Thursday, October 6, 2011

Enterprise IT: immature and simple?

Once you've admitted to yourself that you're a bad programmer, you can stop all the silly posturing and pretending that you're great, and you can look around and find the best possible tools to help you look smarter than you are.

People pile layers on top of layers, abstractions on top of abstractions, complications on top of complications, crap on top of patches, and patches on top of crap until everything collapses onto itself and the singularity appears.

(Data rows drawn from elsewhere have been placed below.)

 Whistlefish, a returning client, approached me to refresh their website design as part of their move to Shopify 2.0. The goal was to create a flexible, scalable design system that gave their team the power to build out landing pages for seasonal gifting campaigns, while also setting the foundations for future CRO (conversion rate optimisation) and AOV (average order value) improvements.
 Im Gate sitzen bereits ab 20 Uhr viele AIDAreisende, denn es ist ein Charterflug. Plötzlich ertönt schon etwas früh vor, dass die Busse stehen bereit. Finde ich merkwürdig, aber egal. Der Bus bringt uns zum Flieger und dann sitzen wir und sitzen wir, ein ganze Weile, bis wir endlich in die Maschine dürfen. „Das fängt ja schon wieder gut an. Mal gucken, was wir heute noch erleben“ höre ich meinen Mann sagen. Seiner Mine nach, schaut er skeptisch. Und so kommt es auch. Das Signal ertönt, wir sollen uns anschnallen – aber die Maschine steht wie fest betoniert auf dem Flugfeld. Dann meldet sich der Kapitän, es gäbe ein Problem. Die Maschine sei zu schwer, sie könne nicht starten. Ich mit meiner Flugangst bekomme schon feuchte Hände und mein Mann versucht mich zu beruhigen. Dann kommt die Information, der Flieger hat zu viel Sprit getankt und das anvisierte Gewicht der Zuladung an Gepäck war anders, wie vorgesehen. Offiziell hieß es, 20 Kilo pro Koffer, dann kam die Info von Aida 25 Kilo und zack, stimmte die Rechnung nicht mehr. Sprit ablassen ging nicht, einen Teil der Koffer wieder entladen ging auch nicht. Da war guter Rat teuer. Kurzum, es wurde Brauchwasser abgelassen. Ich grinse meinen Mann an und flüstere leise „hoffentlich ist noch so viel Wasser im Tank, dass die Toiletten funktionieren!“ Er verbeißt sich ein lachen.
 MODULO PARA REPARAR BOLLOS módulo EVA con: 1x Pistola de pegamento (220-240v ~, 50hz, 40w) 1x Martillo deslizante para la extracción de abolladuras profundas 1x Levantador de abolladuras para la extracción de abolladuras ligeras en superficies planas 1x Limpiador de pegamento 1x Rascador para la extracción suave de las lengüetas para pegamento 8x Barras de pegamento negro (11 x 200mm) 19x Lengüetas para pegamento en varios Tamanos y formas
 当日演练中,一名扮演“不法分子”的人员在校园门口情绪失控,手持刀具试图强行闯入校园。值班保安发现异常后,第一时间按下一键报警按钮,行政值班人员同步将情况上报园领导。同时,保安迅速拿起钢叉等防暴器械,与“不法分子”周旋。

Recently I was confronted with the following problem:
Screen shot 2011 09 22 at 2 26 51 PM
  • Which x maximizes u?

I remember that I had solved similar problems in analysis lectures about a decade ago, but I had no clue how to approach the task today.
I also have the impression that it would take weeks if not month for me to get back into the subject. Ok, I can read the wikipedia article about the quartic functions but I don't think I will get it without investing some major timespan. I am even doubtful if I could suck the knowledge I need from the internet, or if I finally would have to go to the bookstore and buy an analysis book ...
Business card law student
This made me think about my everyday work as a "coder for hire"/consultant working in the trenches of enterprise IT projects.
I am confronted with problems I have never dealt with almost on a daily basis. However this makes me not nervous at all ...
For instance in a recent project it turned out that I had to write reports with SSRS and integrate them in some custom SharePoint controls. I have never done that before. I never came near to SSRS before and I delibarately had kept a long distance between me an SharePoint. Still I was not afraid of those tasks. I was quite confident that I could solve the tasks within the expectations of the customer (however I am sure there are many developers that would have provided better value for the customer). When I look at the quartic function above I am much less confident and would be get quite nervous if I had to solve that task ...
I started wondering about that fact and came up with some theories:
  • I am just a natural talent in everything related to enterprise IT ... nah, I don't think so :-)
  • Enterprise IT is a simple domain. We don't really deal with substantially complex or challenging problems, at least not in the technical realization. We mostly deal with trying to understand technology that has been created by other people. Trying to find out what the assumptions and intentions of those other people were and how to match that as good as possible to our context. If we are good, we try not to apply the technologies in a wrong way. (note that I differenciate enterprise IT from other areas in IT like i.e. scaling a cloud infrastructure like facebook or developing new algorithms for video compression, there I think we still have real innovation and technical challenges).
  • In the IT industry, especially in enterprise technologies, knowledge is extremely easy to come by. Probably the only real skill you need, is to effectively search the internet. Then you can almost solve any problem. Just ask Goolge and spend some time on Stackoverflow ... you don't need a CS degree for that. Of course that was deliberately provocative: The small challenge remaining is how you combine and apply the knowledge you sucked from the internet. And of course the ability to know when not to apply a technology and look for another solution.
  • The IT industry is very immature, at least in the enterprise environments I usually find myself. For each project I get hired, I usually have to go through an interview process. These interview processes have quite different flavors of sophistication but the people conducting the interviews think they check that I am suitable for the job. They usually get the requirements for the job through some obscure windings in the organization, but in most cases it has nothing to do with what I end up doing once I really get in touch with the project. It seems the enterprise IT industry has a hard time defining its specialists. The result is that a bunch of generalists like me are stumbling along doing a mediocre job ...

2 comments:

  1. Nice quotes. Sad but true statements. My experience in IT has been figuring out how to use technologies. Sometimes you get to do Comp-Sci things like your analysis problem you listed, but it's few and far between. IT seems to cater to making things simple so the barrier to entry is lower. Technology also moves at a rate where learning a new technology every so often is a requirement. I guess some of it depends on what industry you're in and how quickly you pick up tech, that lets you get to more complex Comp-Sci topics.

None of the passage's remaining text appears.